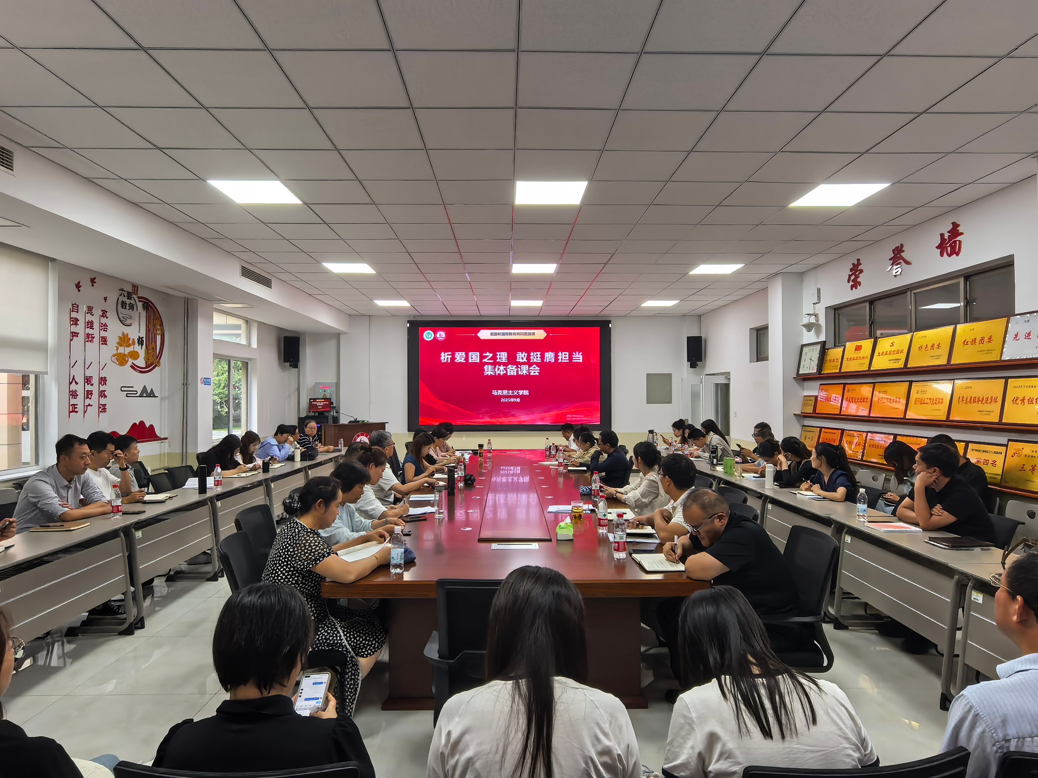 为深入贯彻落实2025 年山东省全民国防教育工作安排,扎实推进“大思政课”建设,9月18日下午,学校在马克思主义学院会议室举行爱国和国防教育共同思政课集体备课会。教务处、马克思主义学院相关负责同志,承担讲授任务的全体思政课教师、辅导员和班主任参加了此次集体备课会。备课内容围绕 “探理明意”“追根溯源”“廓清认知”“笃实践行”四个议题开展。
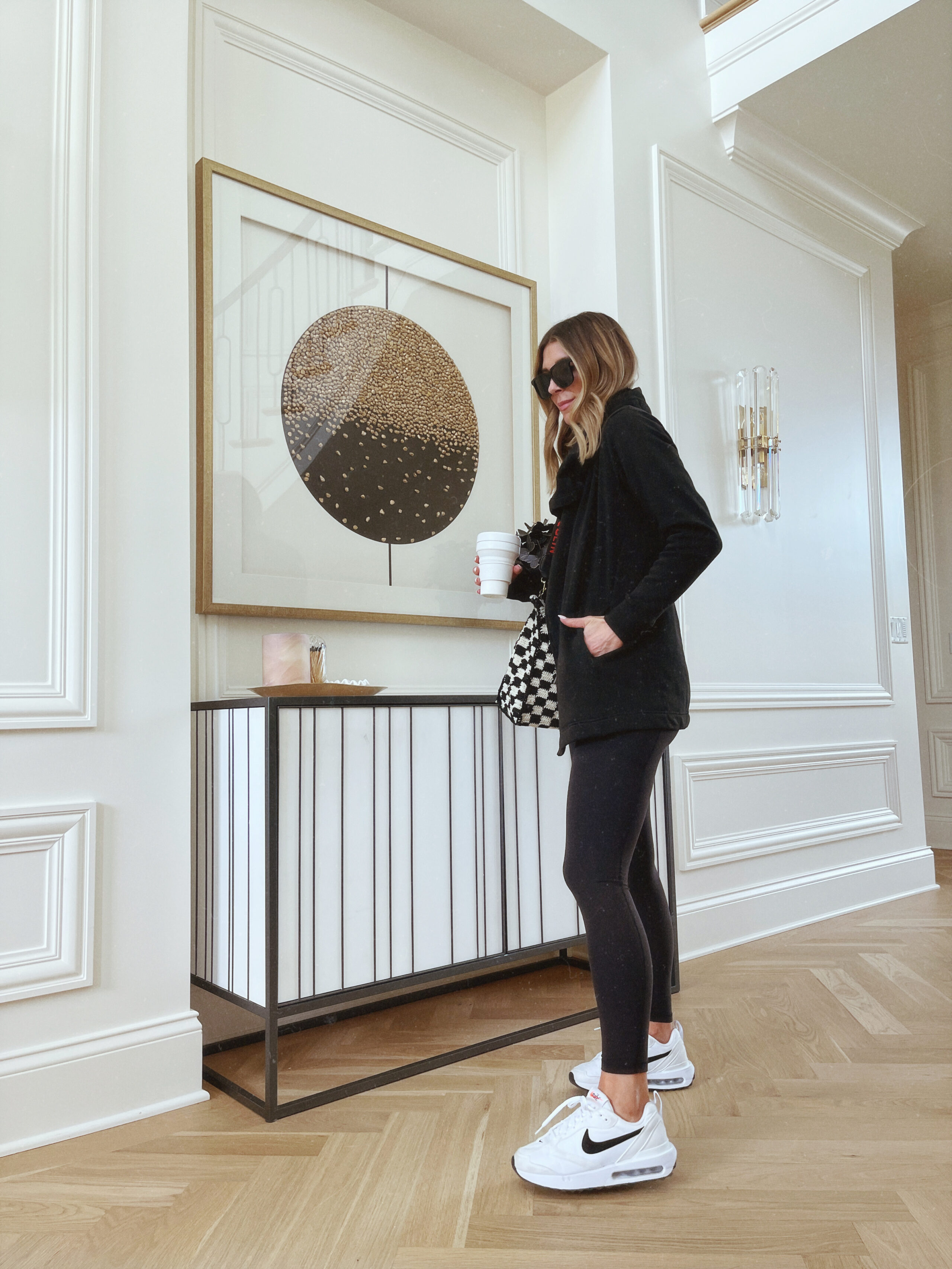 Shacket (size small) // Sweatshirt (size small) // Leggings (size small) // Belt Bag // Sneakers
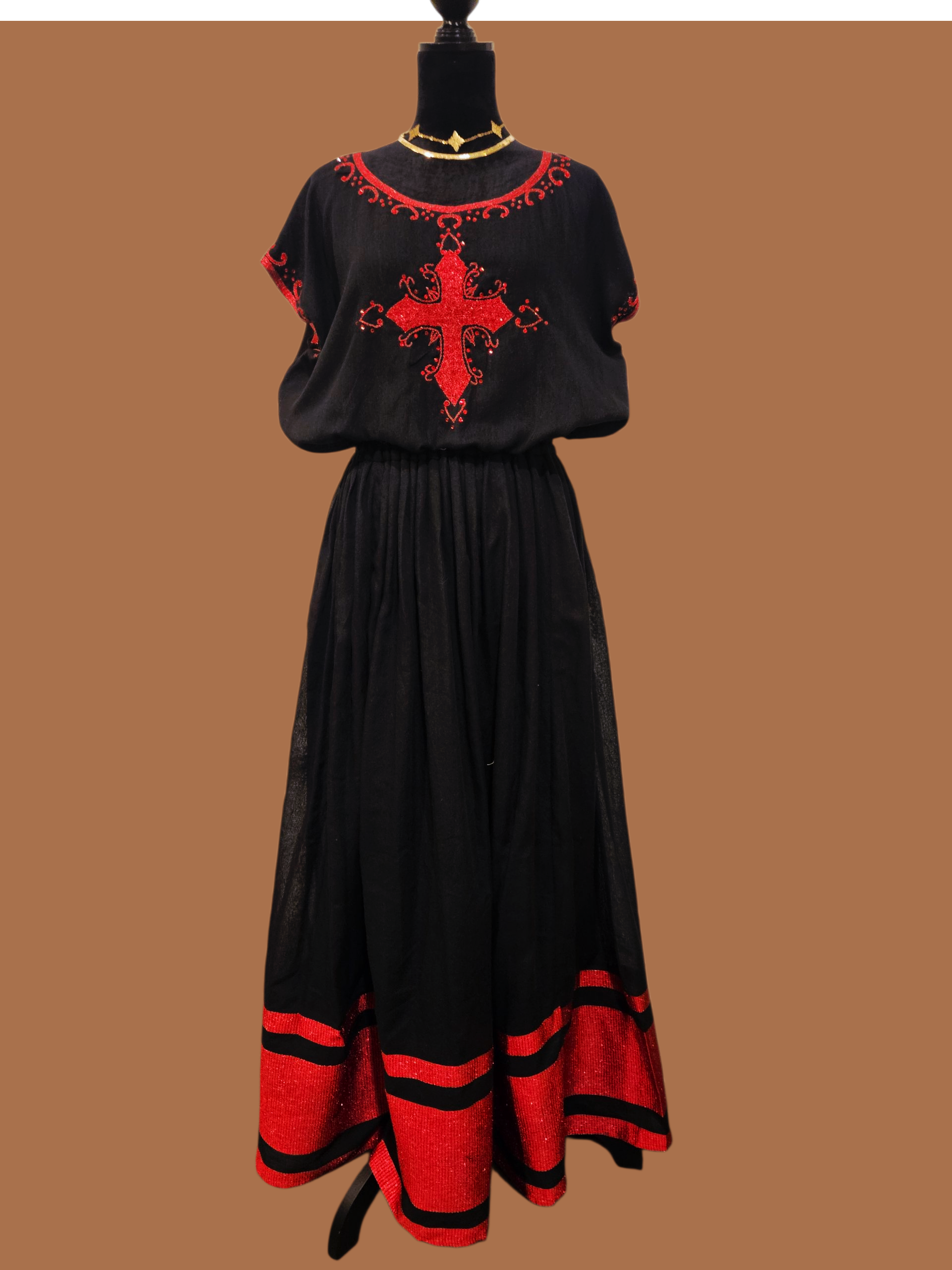 2 piece medium to large 100% cotton dress. Hand embroidered and bejeweled with rhinestone.
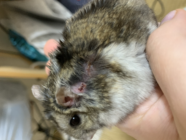 皮膚トラブル(かさぶた、抜け毛)について。受診すべきか。 質問カテゴリ: 皮膚の異常 対象ペット: その他 / ジャンガリアンハムスター / 女の子 / 2歳 3ヵ月 質問者: --- / 非公開中の会員 2026/01/26 21:58 ジャンガリアンハムスター (2歳3ヶ月、メス、46g) 生後半年を過ぎた頃から、2〜3mmほどのかさぶたが頻発しています。 一度受診したことがありますが(視診、触診)、悪性ではないとのことで返されました。 2ヶ月程前から徐々にかさぶたが大きくなってきて、抜け毛も増えてきました。範囲は10mm×3mmほどで、湿ってはいません。 再受診も検討していますが、 ・高齢のため通院のストレスが心配であること ・食欲や体重には異変がないこと ・本人は痛がっている様子がないこと ・悪性ではないのならそっとしておいてあげたい などの理由で悩んでおります。 アドバイスをお願いしたいです。
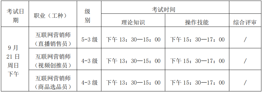 考试时间为2025年9月21日(周日)下午,请考生根据申报的职业(工种)和等级参加考试,具体安排如下:
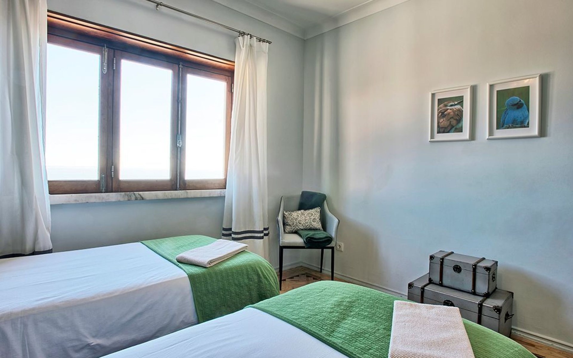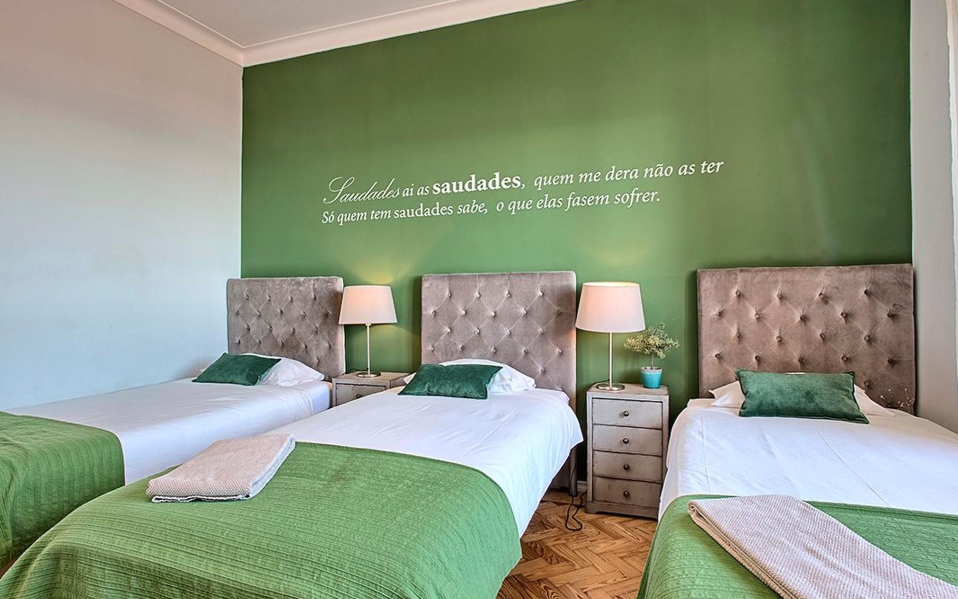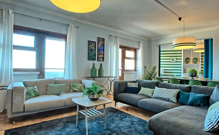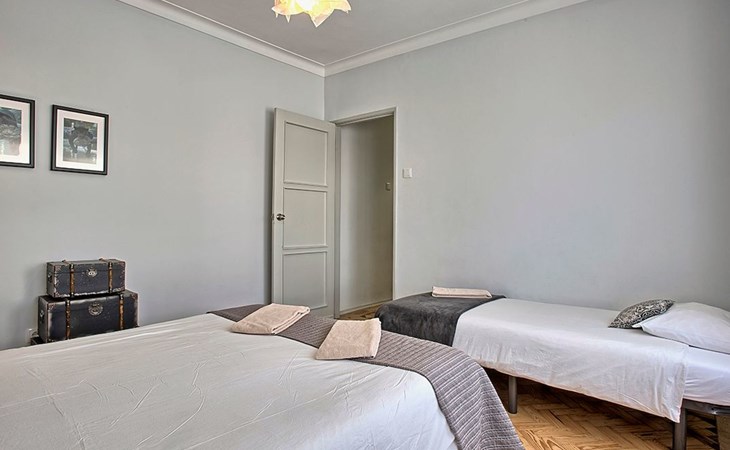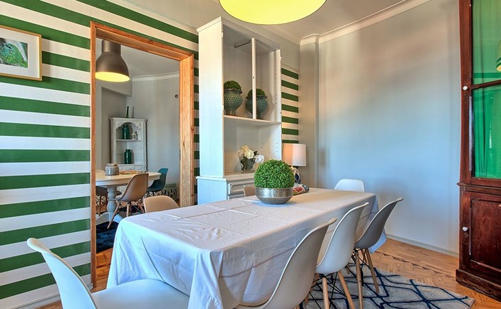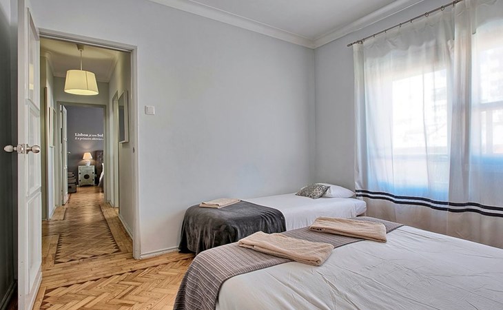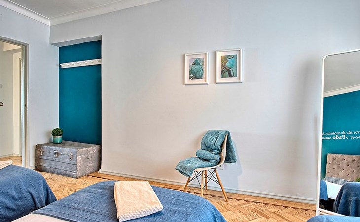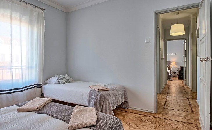 Der Reiz dieser Wohnung erstreckt sich auch auf die Außenanlagen, zu denen drei charmante Seitenbalkone gehören. Einer dieser Balkone bietet den Gästen einen malerischen Blick auf den Fluss und bildet die perfekte Kulisse für einen ruhigen Morgenkaffee oder einen entspannten Abend. Grillen ist zwar nicht erlaubt, aber die Balkone bieten einen frischen Hauch von authentischer Lissabonner Atmosphäre und verleihen Ihrem Aufenthalt eine besondere Note.
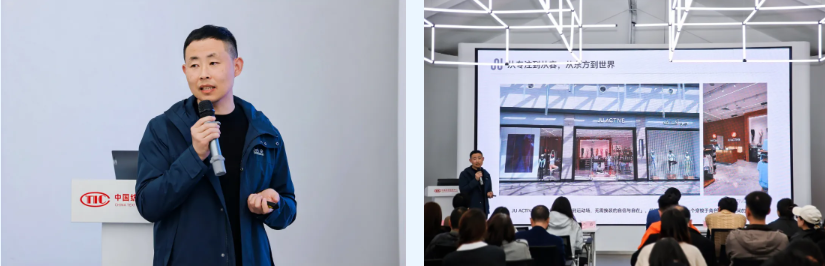 随着生活节奏的加快,消费者场景切换的需求愈加频繁,来自市场一线的“实践者”,带来了接地气的创新经验。“JU ACTIVE 正把这份‘从通勤到运动场,无需换装的自信与自在’,悄悄带给全世界每一个穿梭于角色与场景之间的你。”浙江极由科技有限公司总经理助理叶飞在《时尚轻运动产品创新关注点》中指出,终端消费的新通勤主义要求服饰实现从会议室到运动场的自由切换,不再割裂着装者的日程。他介绍了JU-Lab面料实验室开发的面料融入Atmo-Matrix气层矩阵科技,实现了“第二层皮肤”般的贴合感。
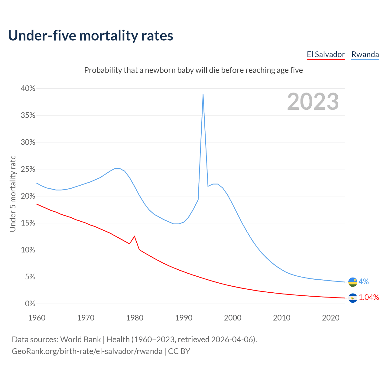 The chance that a newborn baby will die before reaching age five is 1.04% in El Salvador and 4% in Rwanda. Above is a chart with historical data on under-five mortality rates.
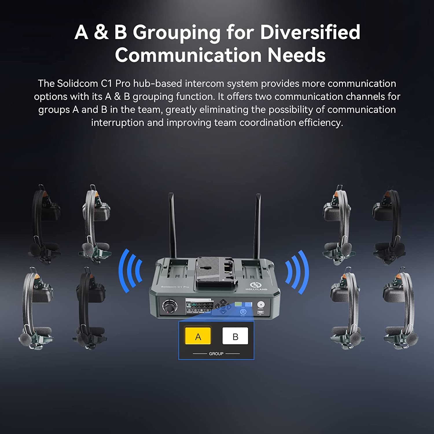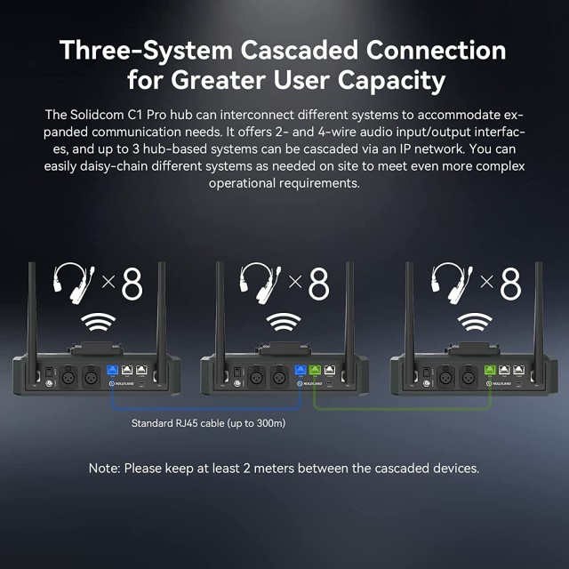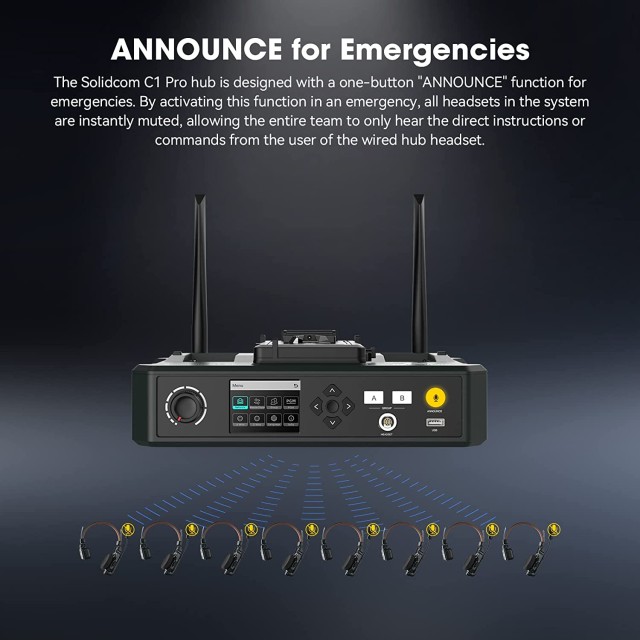 El Hollyland Solidcom C1 Pro es un intercomunicador inalámbrico full-duplex que opera en la banda de 1,9 GHz (DECT 6.0) con un alcance de hasta 350 m (línea de visión directa). Gracias a la integración de todos los componentes en el auricular, ofrece la máxima comodidad y una fácil portabilidad sin necesidad de cinturones ni estaciones base adicionales. El auricular pesa aproximadamente 170 g y se suministra con una batería de repuesto para un funcionamiento ininterrumpido sin interrupciones. El intercom Solidcom C1 Pro ofrece transmisión de audio en un rango de frecuencia de 150 Hz a 7 kHz, tecnología AEC (cancelación de eco acústico), micrófono direccional para la supresión del ruido ambiental, micrófono omnidireccional adicional para la detección del ruido ambiental y supresión del ruido ambiental (ENC; se puede desactivar), funcionamiento Push-to-Talk, cifrado de la transmisión, etc. Se suministra en varias variantes como kit para equipos de dos a seis miembros.
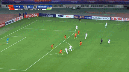 第10分钟,张稀哲突然送出直塞,蒿俊闵插上稍慢,乌兹别克斯坦门将涅斯捷罗夫出击滑铲将球破坏,武磊补射就差一步,随后乌兹防守球员赶紧将球大脚解围出变线,这是开场后,国足创造的最好一次机会。
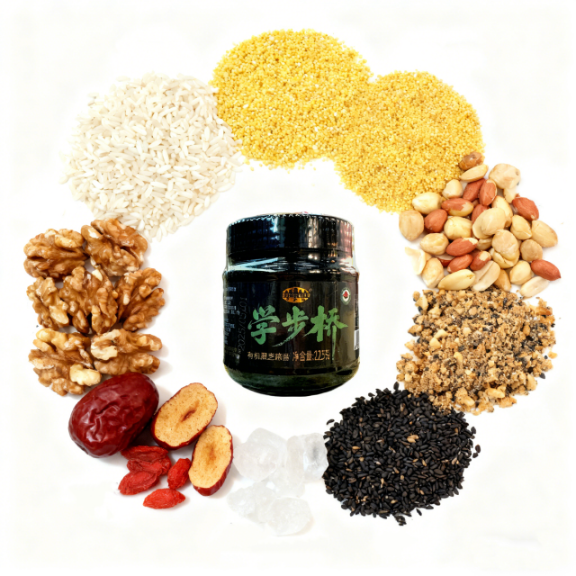 ?核心食材:學(xué)步橋黑芝麻醬2-3勺(約30g,粥的“靈魂”)、混合堅(jiān)果 50g(核桃、花生、杏仁等,提前碾碎)
- - - - - - -
AIM OF THE EXERCISE -
Both ends included, copy word for word the lines from the top of the entries above through the line with "Der Reiz dieser". No pictures.

SOLUTION TO THE PROBLEM -
 为深入贯彻落实2025 年山东省全民国防教育工作安排,扎实推进“大思政课”建设,9月18日下午,学校在马克思主义学院会议室举行爱国和国防教育共同思政课集体备课会。教务处、马克思主义学院相关负责同志,承担讲授任务的全体思政课教师、辅导员和班主任参加了此次集体备课会。备课内容围绕 “探理明意”“追根溯源”“廓清认知”“笃实践行”四个议题开展。
 Shacket (size small) // Sweatshirt (size small) // Leggings (size small) // Belt Bag // Sneakers
 2 piece medium to large 100% cotton dress. Hand embroidered and bejeweled with rhinestone.
 皮膚トラブル(かさぶた、抜け毛)について。受診すべきか。 質問カテゴリ: 皮膚の異常 対象ペット: その他 / ジャンガリアンハムスター / 女の子 / 2歳 3ヵ月 質問者: --- / 非公開中の会員 2026/01/26 21:58 ジャンガリアンハムスター (2歳3ヶ月、メス、46g) 生後半年を過ぎた頃から、2〜3mmほどのかさぶたが頻発しています。 一度受診したことがありますが(視診、触診)、悪性ではないとのことで返されました。 2ヶ月程前から徐々にかさぶたが大きくなってきて、抜け毛も増えてきました。範囲は10mm×3mmほどで、湿ってはいません。 再受診も検討していますが、 ・高齢のため通院のストレスが心配であること ・食欲や体重には異変がないこと ・本人は痛がっている様子がないこと ・悪性ではないのならそっとしておいてあげたい などの理由で悩んでおります。 アドバイスをお願いしたいです。
 考试时间为2025年9月21日(周日)下午,请考生根据申报的职业(工种)和等级参加考试,具体安排如下:
 Der Reiz dieser Wohnung erstreckt sich auch auf die Außenanlagen, zu denen drei charmante Seitenbalkone gehören. Einer dieser Balkone bietet den Gästen einen malerischen Blick auf den Fluss und bildet die perfekte Kulisse für einen ruhigen Morgenkaffee oder einen entspannten Abend. Grillen ist zwar nicht erlaubt, aber die Balkone bieten einen frischen Hauch von authentischer Lissabonner Atmosphäre und verleihen Ihrem Aufenthalt eine besondere Note.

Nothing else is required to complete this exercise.